Far as making beers that taste bad on purpose because thats how they would have been in the past - I don’t see that as a great idea. People weren’t making bad beer in the past because they wanted bad beer or because they thought they were making beer the way it was supposed to be. If they had better technology they would have made better beer. And they did once the technology came along. Plus, no judge is going to give you credit in any competition for a bad beer because its supposed to be historical.

I see the pre-prohibition style as being more about recipe formulation and ingredient differences as opposed to the commercial lagers we have today. Miller is 7 ibu or something and a pre-pro can be 35 ibu or something like that.
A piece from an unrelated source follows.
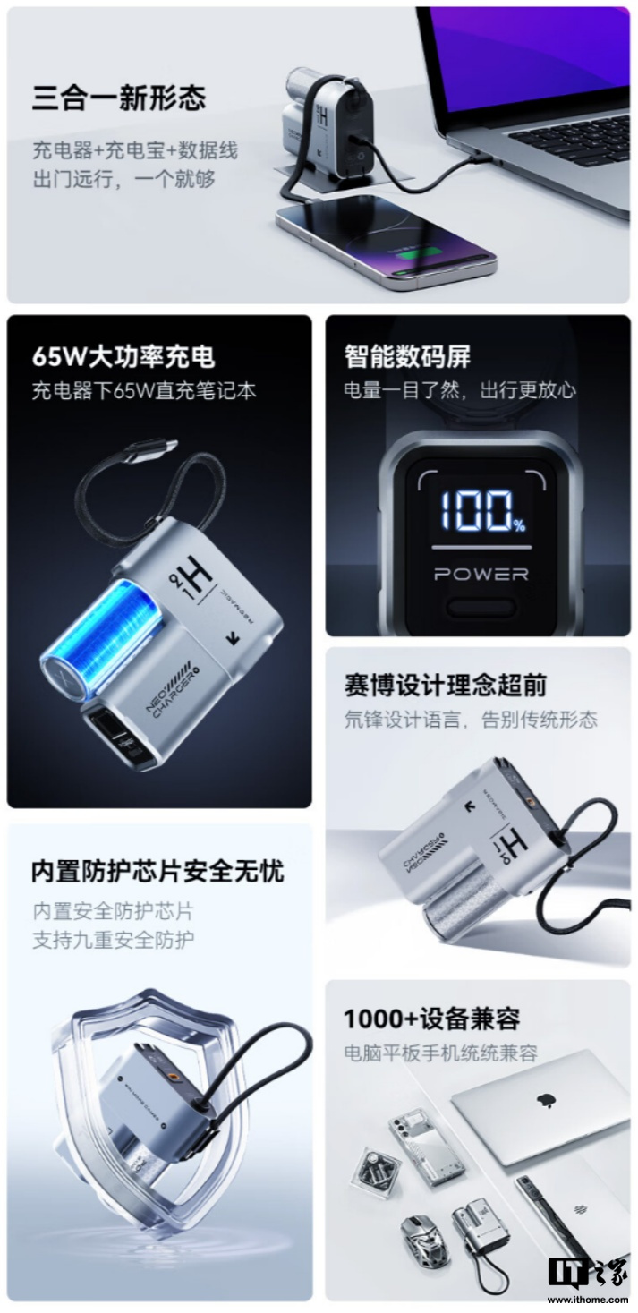 红魔氘锋三合一能量魔方支持 PD 3.0 / QC 3.0 / PPS 快充协议,同时支持自研快充技术 neocharger4.0,可 AI 智能识别协议进行快充。新品还配备数码显示器,顶端提供开关,可查看剩余电量。

All 6 row or 6 row mixed with 2 row. I don’t believe any large lager brewery today uses 6 row. And a healthy percentage of corn. Up to 30% corn. If you can get it, use a yeast like Wyeast 2035 which was originally called New Ulm yeast.
 
And that is why adjunct laden beers were brewed after prohibition. They wanted to attract a larger audience, mainly going after women.
I‘ve watched this episode a couple times. Also an interesting point was made by John Palmer in a recent podcast that American lager travelled so well and could be stored and transported without degradation it was envied by European brewers. I don‘t recall what publication was cited for that assertion, however.
https://www.history.com/shows/the-food-that-built-america/season-3/episode-2
 
they didn’t have sanitizer so their equipment, including barrels, kegs, bottles and however they sealed them could not have been sanitized
So? I mean, modern sanitizers are great and all, but if it wasn't possible to make good beer without them, then humans would have just stopped making beer a long time ago.
 
So? I mean, modern sanitizers are great and all, but if it wasn't possible to make good beer without them, then humans would have just stopped making beer a long time ago.
Many beer historians think that at one time all beer was a little tart and a little smokey, all depending maybe a lot of those flavors. lets Not forget that plain water could lead to illness and one’s death, so it didn’t really matter if the beer didn’t taste wonderful if you were thirsty you‘d drink it, right?
 
Here are 2 articles of interest, I've probably posted these before. They are older articles but still relevant. They were originally published in Brewing Techniques Magazine now out of business. MoreBeer hosts them now:

https://www.morebeer.com/articles/Pre-Prohibition_American_Lagers
https://www.morebeer.com/articles/Classic_American_Pilsner
[edit] I posted these and another article in this thread last year back in #34. Still great articles on this style - I get a bug to brew it every once in a while.